Mag. Klaus Priechenfried - 27.2.2008 08:43

Rache ist süß, sagt der Volksmund. Und der Neurowissenschaftler gibt ihm recht. In einem Experiment zeigen de Quervain und seine Mitarbeiter: Bei einer Person, die das unfaire Verhalten einer anderen Person bestraft, wird im Gehirn (genau im dorsalen Teil des Striatums) ein Zellverband aktiviert, der sonst beim Verzehr von Süßspeisen reagiert! Es handelt sich um ein sogenanntes "Belohnungszentrum". Das Gehirn belohnt uns also, wenn wir einen Delinquenten bestrafen, und zwar so, wie es uns bei Aktivitäten belohnt, die unser Überleben sichern; zum Beispiel beim Verzehr von gehaltvollen Nahrungsmitteln.

Die Neurowissenschaftler sind erstaunt über dieses Ergebnis und vermuten nun, es handle sich um eine sozial sinnvolle Aktivität des Individuums, die das Zusammenleben in Gruppen unterstützt. Wir haben dadurch eine Motivation, auf unfaires Verhalten zu reagieren. Das schafft dem Aufbau und dem Erhalt eines gemeinsamen Wertesystems eine natürliche (man könnte auch sagen: triebhafte) Basis. So ist es uns nicht nur nicht egal, ob jemand anderer sich Werte verletzend verhält, wir investieren sogar Energie, um auf diese Verletzung zu reagieren.
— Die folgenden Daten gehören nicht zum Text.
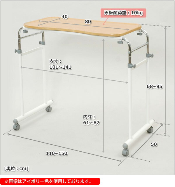 山善(YAMAZEN) 伸縮式ベッドテーブル(天板幅80 奥行40) BTT-8040(NA) ナチュラル&アイボリー 本体サイズ 幅110-150×奥行50×高さ68-95cm 重量8.5kg 材質 天板:合成樹脂化粧繊維板(塩化ビニル樹脂)フレーム:スチール(粉体塗装、クロムめっき) 仕様 ●原産国:台湾●組立品です●組立時間:約30-40分 商品説明 ●ベッドの上で食事、読書が可能なテーブル●幅・高さがベッドに合わせて伸縮可能●【外寸】幅伸縮110〜150cm●【内寸】幅伸縮101〜141cm●【外寸】高さ伸縮68〜95cm●【内寸】高さ伸縮61〜87cm●天板サイズ : 幅80 奥行40cm●天板耐荷重:10kg●キャスター4個(ストッパーなし) 商品補足説明 YAMAZEN ヤマゼン 山善 通販 ベッドテーブル サイドテーブル ナイトテーブル ベッドサイドテーブル 伸縮テーブル パソコンデスク パソコンラック パソコンテーブル PCデスク PCラック ノートパソコン用 ノートPC用 テーブル 机 つくえ デスク ナチュラル&ブラウンリクライニングベッドに最適♪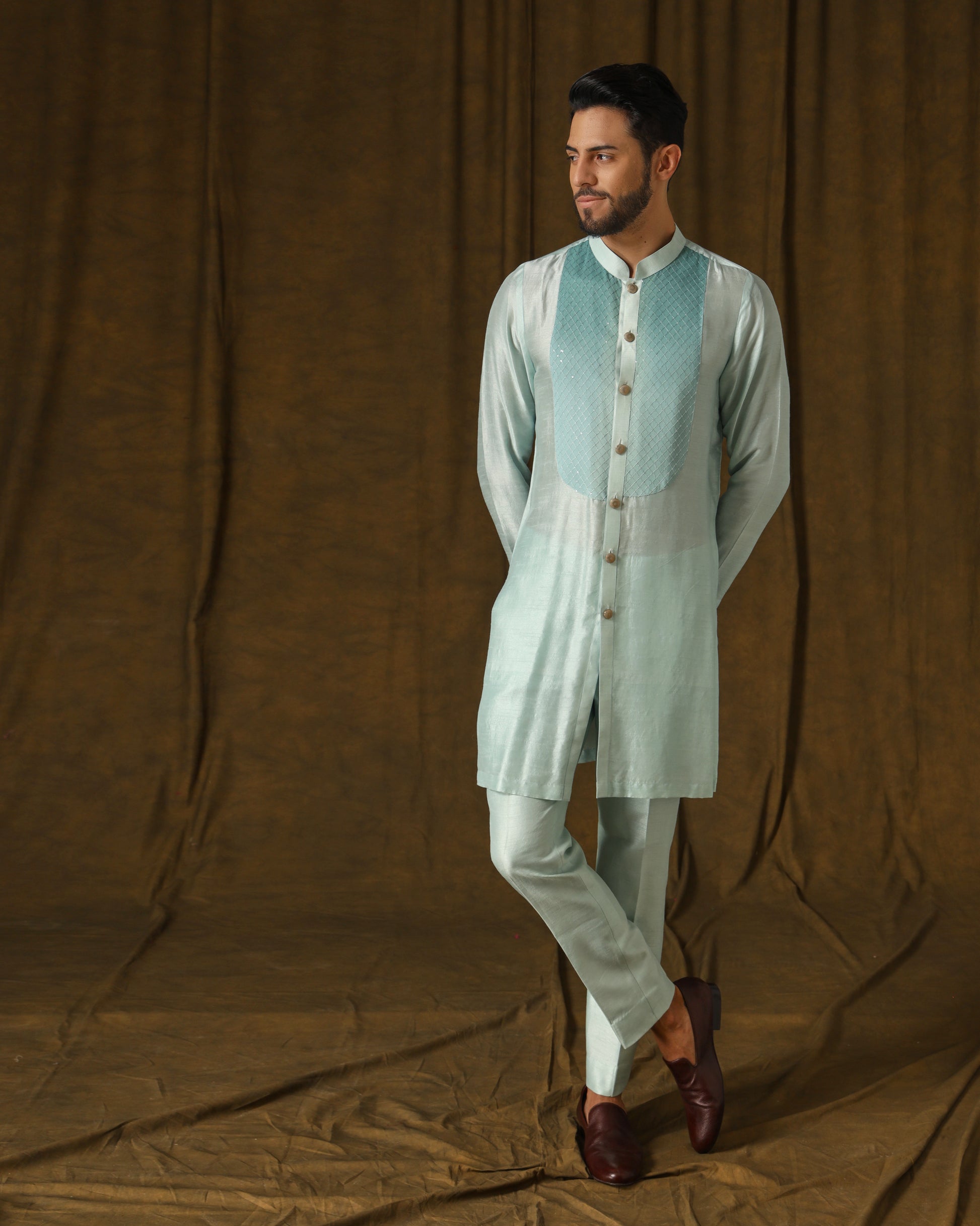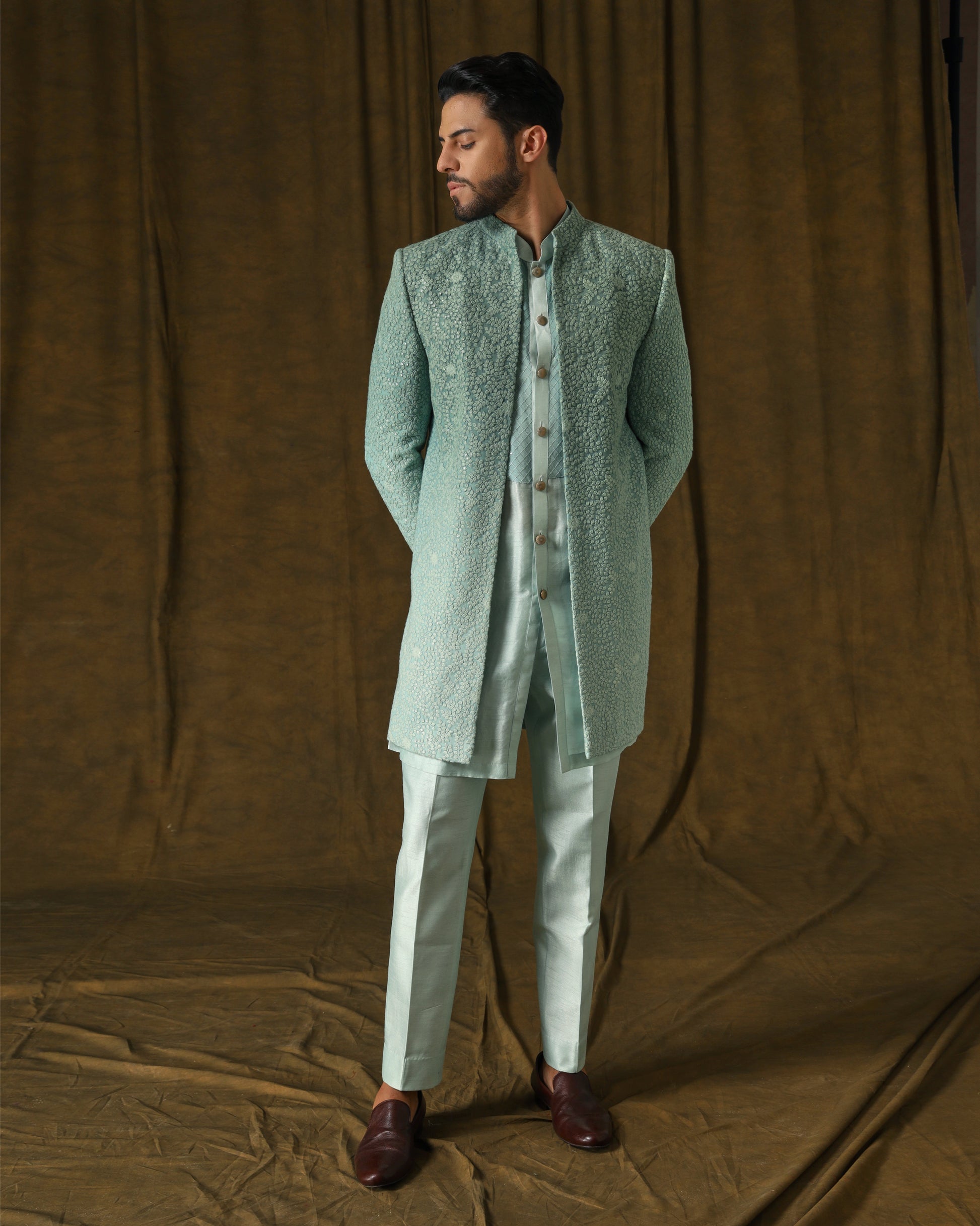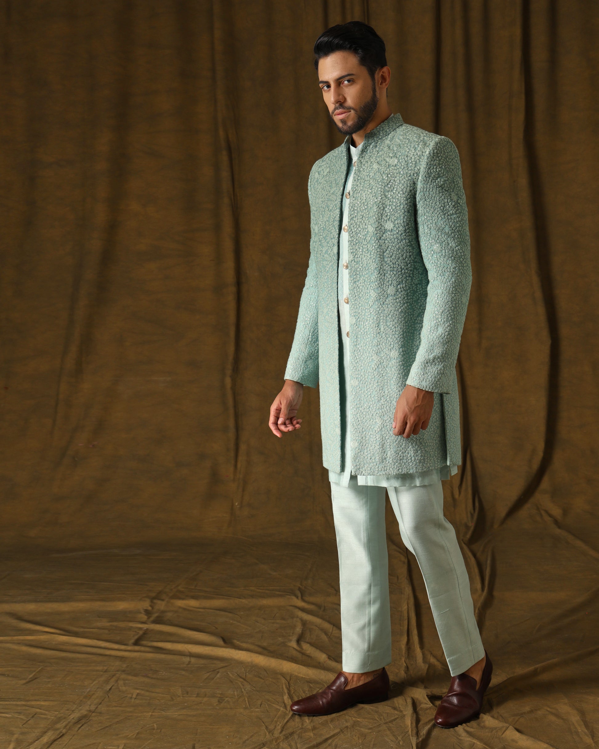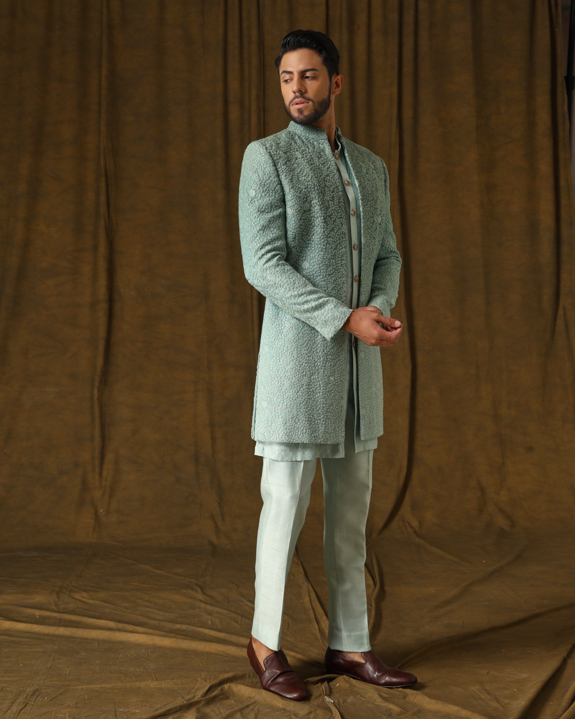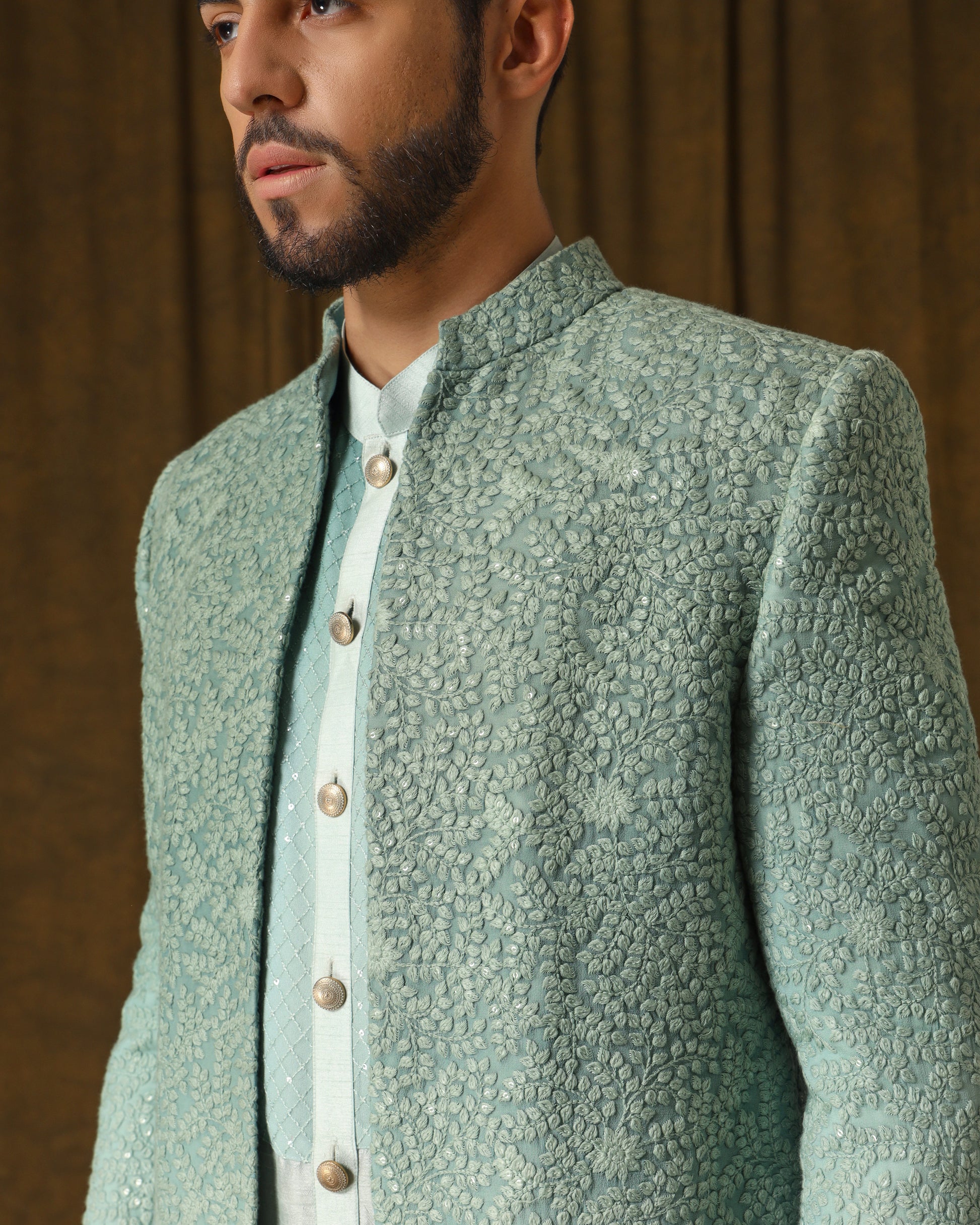 Stylish ombre shrug set, adorned with intricate embroidery in gradient shades of cool green. Complemented by matching trousers and open kurta with elegant metal buttons

Das ist möglicherweise die biologisch-psychologische Basis von Legislative und Exekutive im Gehirn.

Das dorsale Striatum hat, wie alle Regionen des Gehirns, in denen emotional bedeutsame Vorgänge erzeugt und aufrecht erhalten werden, beim Menschen ein offenes Ende zur Großhirnrinde. Emotionen oder auch Affekte sind Erregungsmuster und -kreisläufe im Gehirn, die bei allen höheren Tieren komplexe Handlungsmuster aktivieren, die zum Überleben wichtig sind. Das „offene Ende“ zur Großhirnrinde, mit der bekanntlich gedacht wird, erlaubt den Menschen, diese Automatik einzubremsen und einer Prüfung zu unterziehen. So spüren wir zwar den „Alarm“ in uns beim Blick aus großer Höhe, aber - gesichert in einer Seilbahn etwa - können wir uns beruhigen und normal verhalten. Das richtige Zusammenspiel zwischen der Emotion und der rationalen Prüfung bringt die Qualität und die Bandbreite menschlichen Verhaltens hervor.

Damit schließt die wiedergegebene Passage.